The term ‘safe haven assets’ is often bandied about - but this catchall phrase shows that there is confusion about what they are and how they work.
It’s important to note that no single asset can protect you from all the various risks the investment markets expose you to.
In the same way a lifejacket protects you from drowning, but is of little use in a car crash, different assets protect you against different types of risks.
As such, it is important to realise which risks you are primarily exposed to, which you are willing to assume and when to reduce or hedge others.
The other important concern is that safe haven assets always come with a “cost”.
Just like insurance has a monthly payment, adding these assets to a portfolio will have certain downsides as well.
Two of the more common assets used to reduce risk are gold and money market funds.
Both of these have a long-established track record, are well understood and easy to access - but they hedge different things.

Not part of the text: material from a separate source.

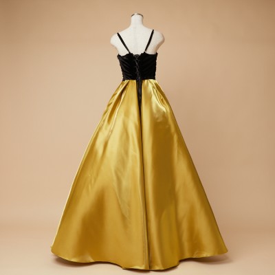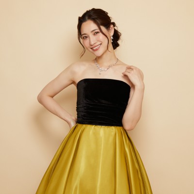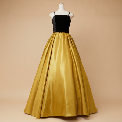 ベロア×サテンの異素材を使用した、ふんわりボリュームタックスカートドレス。ブラックカラーのベロア素材に、艶々光沢のシャイニーサテン生地のボリュームスカート。異素材&バイカラーのデザイナーいち押しの洒落なデザインです。花嫁様にも大人気!個性的で大人なマスタードカラー。

Money market funds are used to reduce the volatility of a portfolio and reduce the liquidity risk of an individual or organisation, reducing the likelihood of forced selling at just the wrong time. They are safe and liquid, with predictable returns. But the cost is that they are one of the lowest long-term return asset classes in the world.
The cost of inclusion in a portfolio therefore is lower potential returns. The upside is perhaps a better night’s sleep.

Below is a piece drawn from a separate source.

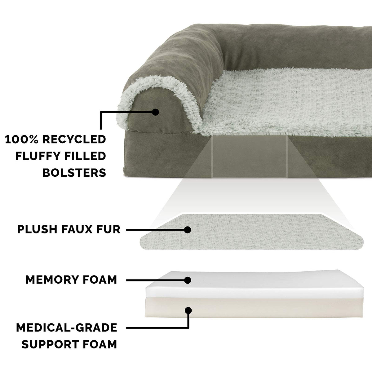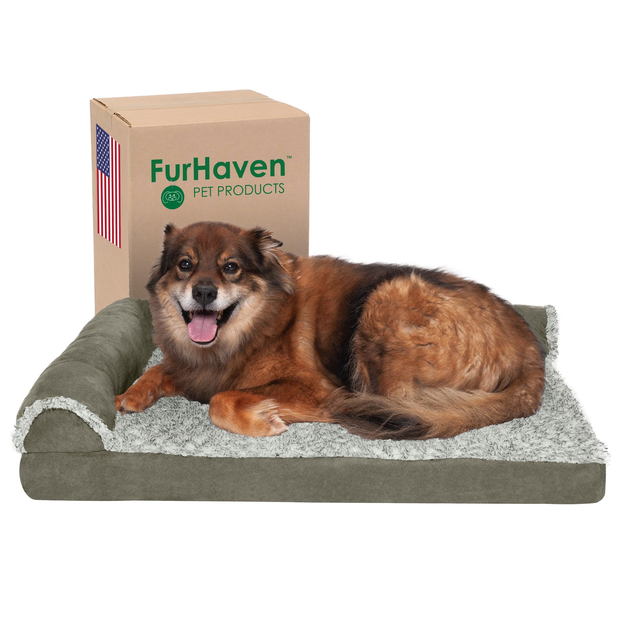 Pamper Your Pet With A Furhaven Two-Tone Faux Fur & Suede L Chaise Dog Bed! A Luxuriously Soft Faux Fur Sleep Surface Is Complemented By Suedine Covered Bolsters And Gusset. Ultra-Plush, Flecked Faux Fur Provides A Snuggly Soft Sleep Surface And Trims The Edges Of The Bolster For A Chic Flair. The Two-Tone Design Hides Dirt And Pet Dander Better Than Traditional Plush Sleep Surfaces. The L-Shaped Bolsters Support Your Pets Back And Hips, Providing Additional Support. The L-Shape Also Provides The Perfect Nook For Pets That Like To Nest Into Comfort. The Two Raised, Rounded Bolster Ends Allow Your Pet To Lay Their Paws Or Neck On The Pillowed Edge, Helping To Align The Neck And Spine. Memory Foam Is Designed To Work With Your Pet'S Weight And Contour To Their Body Providing Better Overall Support And Relief From Painful Muscles And Joint Discomfort. Available In Various Stylish Colors And Diverse Sizing Options So Your Pet Can Sprawl And Lounge The Day In Maximum Comfort And Style. Easy To Clean. Cover Care: Remove From Core Before Washing (See Hang Tag And/Or Seam Label For Care Instructions). Foam Care: Memory Foam Is Highly Absorbent. Spot Clean With Mild Soap Or Enzyme-Based Cleaning Spray. Rinse But Do Not Soak Or Submerge. Press Out Moisture With A Dry Towel And Air Dry. A Fan May Be Used To Speed Drying. Do Not Wring Or Place In Machine Dryer. Dry Completely Before Use. Not For Unsupervised Use By Animals With Destructive Chewing Behavior.

Gold, as another long favoured safe haven, is very different.
As it is priced in US dollars (USD) it can be very volatile, and it also does not pay interest or dividends. Over the last 25 years, gold is up 6.15% per annum vs the 9.66% of the S&P 500 as measured by total return in USD. It is used primarily in portfolios as it has a very low correlation with other asset classes and it also serves as a hedge against inflation.
Safe haven assets are used as part of a holistic portfolio solution and one should never over-allocate to them.

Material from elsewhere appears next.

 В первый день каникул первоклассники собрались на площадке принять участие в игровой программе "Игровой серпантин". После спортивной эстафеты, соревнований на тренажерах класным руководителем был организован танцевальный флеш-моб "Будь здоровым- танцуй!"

But they certainly allow for more portfolio flexibility, better investment planning and reduced portfolio volatility.
What about Bitcoin and Crypto?
These are not a safe haven assets in the traditional sense, but the recent uptick in valuation have added them to the portfolio discussion. This is very much an evolving space and there are always new additions to consider. Bitcoin, Ethereum, Dogecoin, NFTs and others are seeing significant uptake in the investment community. At the moment, the prudent course of action if one is interested in this space is a well-diversified set of different options, backed by significant research. These are asymmetric payoff investments where the likelihood of each going to either zero or up 10x are things to consider. Participation in this space could add a lot of value, but don’t over-allocate to either the segment or any one investment.